→ **Input material**
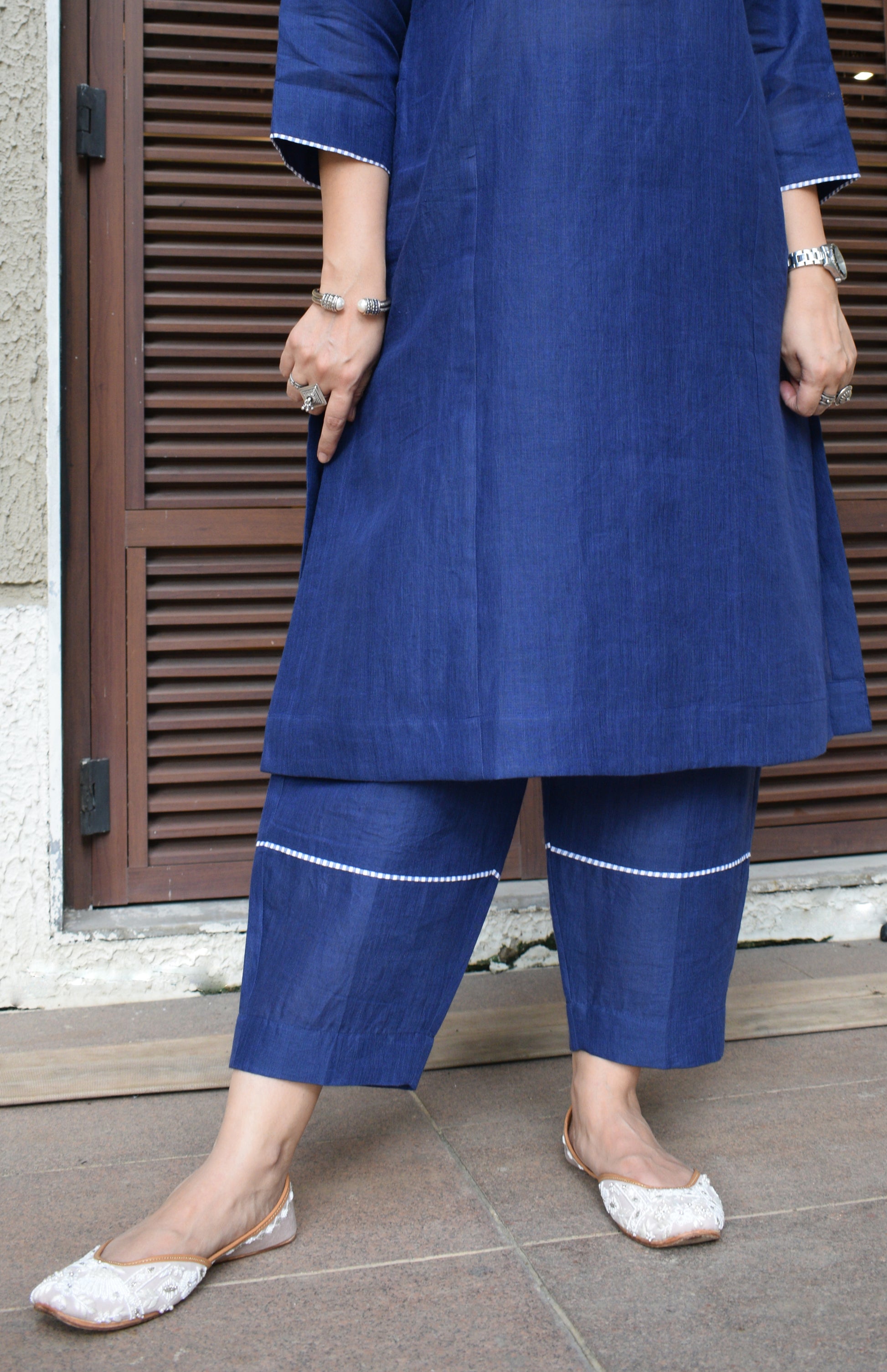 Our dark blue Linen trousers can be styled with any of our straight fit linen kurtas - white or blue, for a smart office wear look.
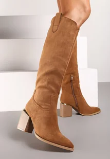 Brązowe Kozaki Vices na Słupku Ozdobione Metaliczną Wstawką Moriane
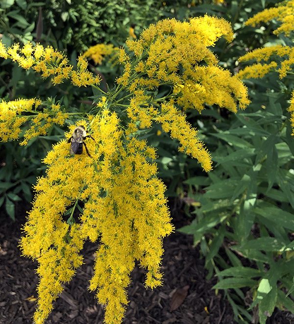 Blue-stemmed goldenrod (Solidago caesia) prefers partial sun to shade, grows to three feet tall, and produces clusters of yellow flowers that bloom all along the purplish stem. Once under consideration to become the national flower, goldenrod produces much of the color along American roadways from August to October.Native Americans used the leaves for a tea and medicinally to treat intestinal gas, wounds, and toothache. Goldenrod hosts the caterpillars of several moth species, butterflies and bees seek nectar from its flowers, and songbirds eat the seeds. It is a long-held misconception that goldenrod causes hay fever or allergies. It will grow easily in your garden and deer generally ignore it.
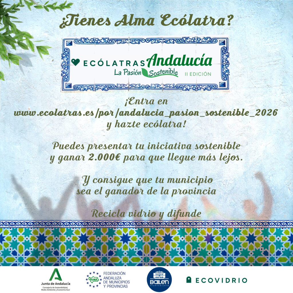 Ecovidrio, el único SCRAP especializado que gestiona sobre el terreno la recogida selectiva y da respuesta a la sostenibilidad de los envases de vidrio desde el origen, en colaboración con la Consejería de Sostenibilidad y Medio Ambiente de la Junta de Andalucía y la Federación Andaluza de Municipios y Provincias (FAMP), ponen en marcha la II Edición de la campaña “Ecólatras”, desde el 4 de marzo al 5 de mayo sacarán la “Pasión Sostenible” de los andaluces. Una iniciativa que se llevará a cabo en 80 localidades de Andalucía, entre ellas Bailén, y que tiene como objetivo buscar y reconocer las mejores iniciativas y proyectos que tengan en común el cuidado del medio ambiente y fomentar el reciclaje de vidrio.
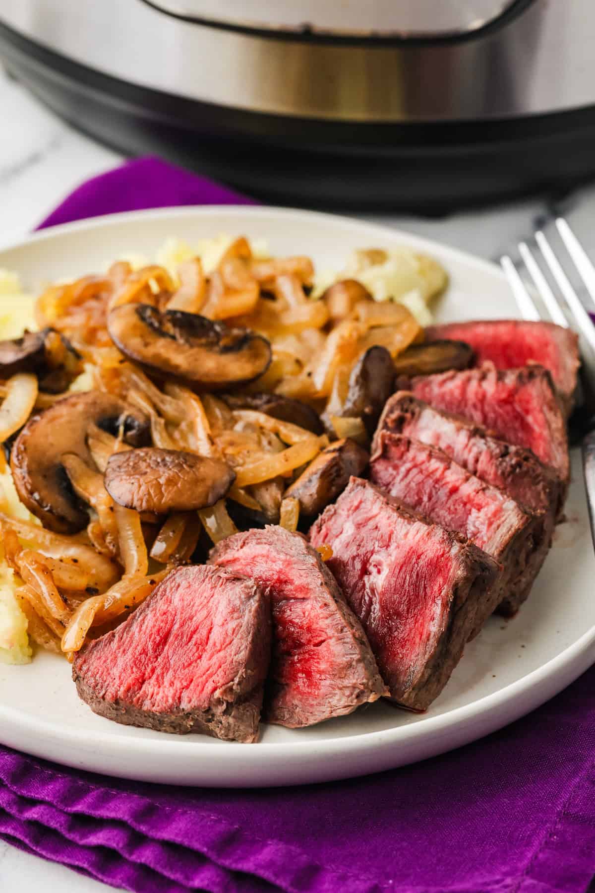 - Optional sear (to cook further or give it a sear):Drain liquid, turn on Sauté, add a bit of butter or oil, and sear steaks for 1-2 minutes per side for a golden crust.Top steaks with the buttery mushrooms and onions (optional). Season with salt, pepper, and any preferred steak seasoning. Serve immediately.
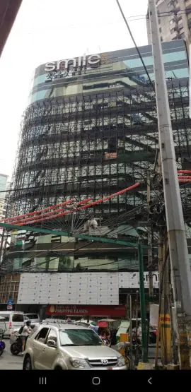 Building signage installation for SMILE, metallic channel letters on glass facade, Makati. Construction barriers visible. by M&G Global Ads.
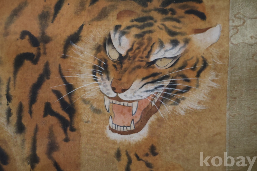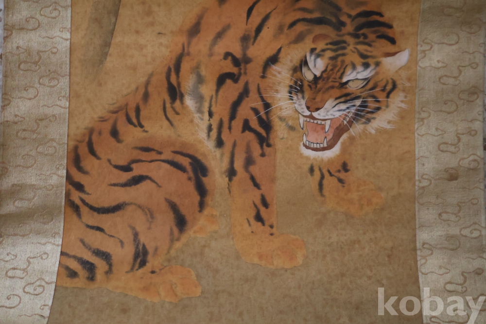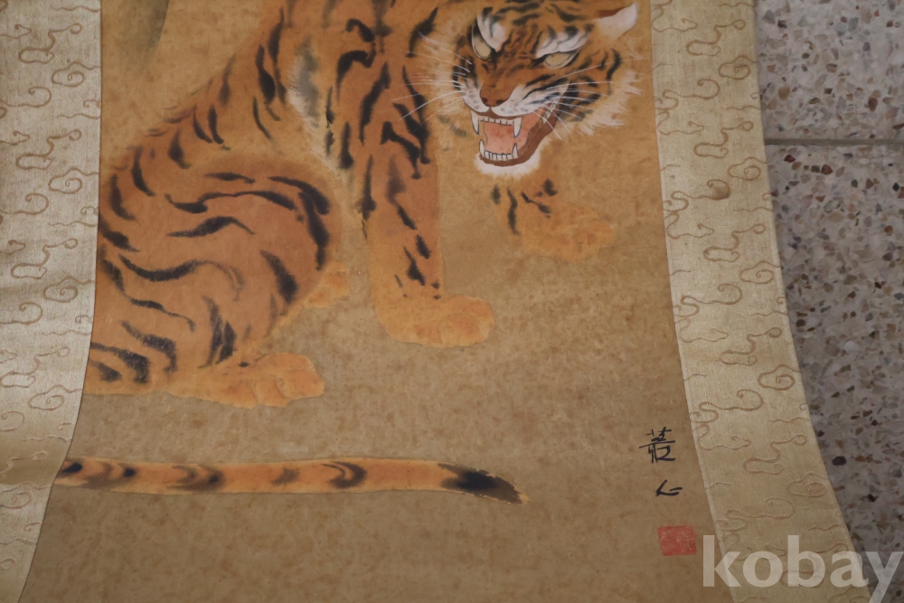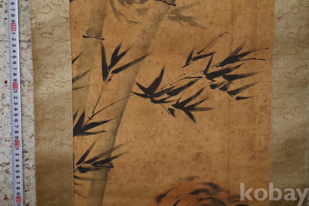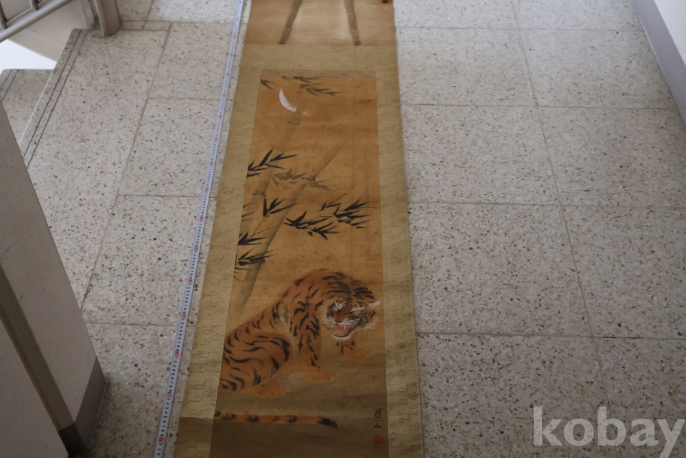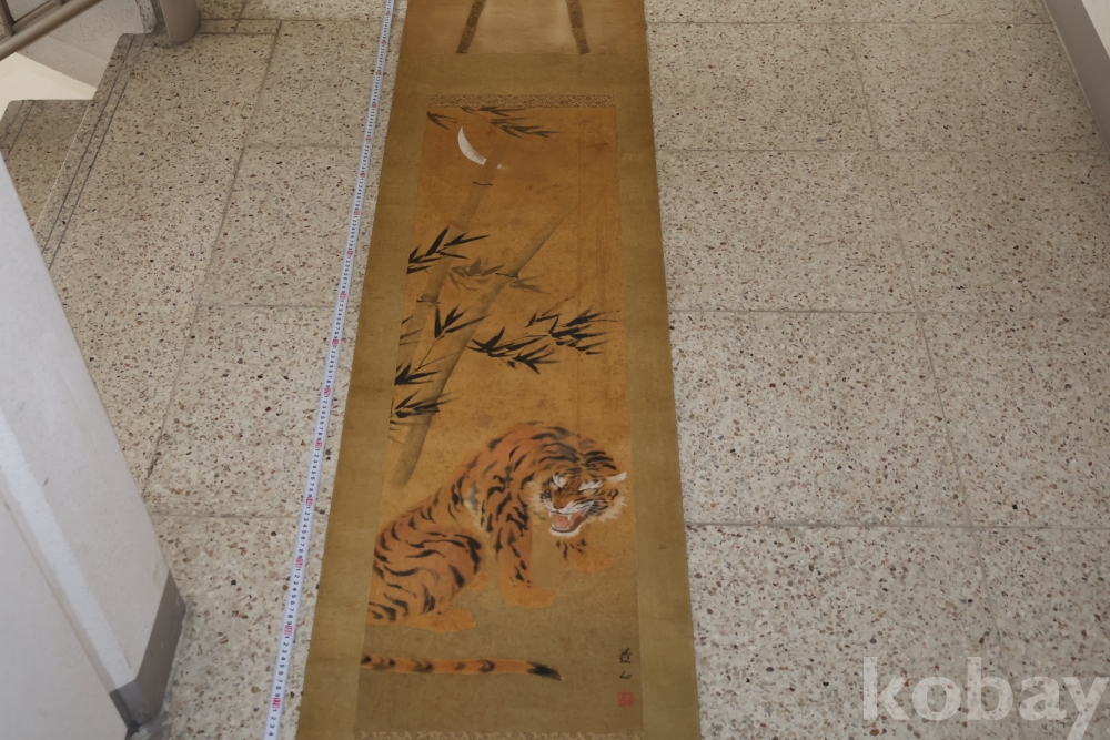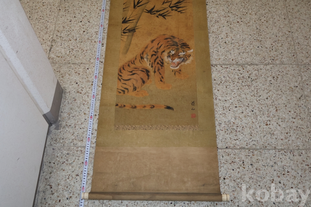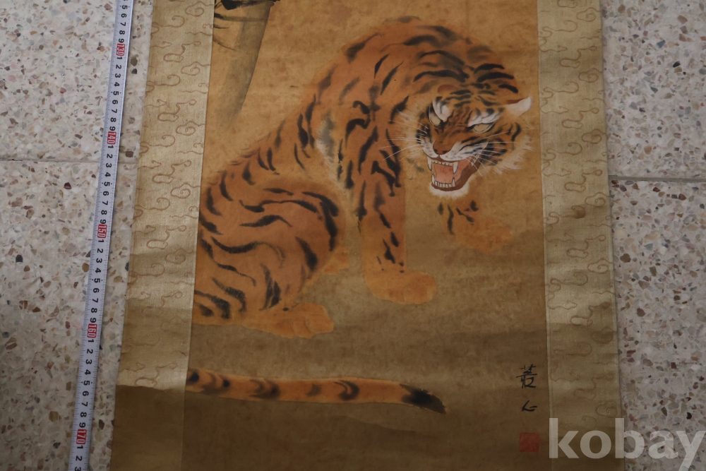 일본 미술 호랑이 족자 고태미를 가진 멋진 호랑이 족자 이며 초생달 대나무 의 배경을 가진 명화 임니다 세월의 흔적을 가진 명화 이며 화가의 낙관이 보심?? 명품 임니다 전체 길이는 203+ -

→ **Exercise goal**
Reproduce only the lines between the line with "- Optional sear" and the final line of the records, both included, so that the copy matches them exactly and contains no pictures.

→ **Response**
 - Optional sear (to cook further or give it a sear):Drain liquid, turn on Sauté, add a bit of butter or oil, and sear steaks for 1-2 minutes per side for a golden crust.Top steaks with the buttery mushrooms and onions (optional). Season with salt, pepper, and any preferred steak seasoning. Serve immediately.
 Building signage installation for SMILE, metallic channel letters on glass facade, Makati. Construction barriers visible. by M&G Global Ads.
 일본 미술 호랑이 족자 고태미를 가진 멋진 호랑이 족자 이며 초생달 대나무 의 배경을 가진 명화 임니다 세월의 흔적을 가진 명화 이며 화가의 낙관이 보심?? 명품 임니다 전체 길이는 203+ -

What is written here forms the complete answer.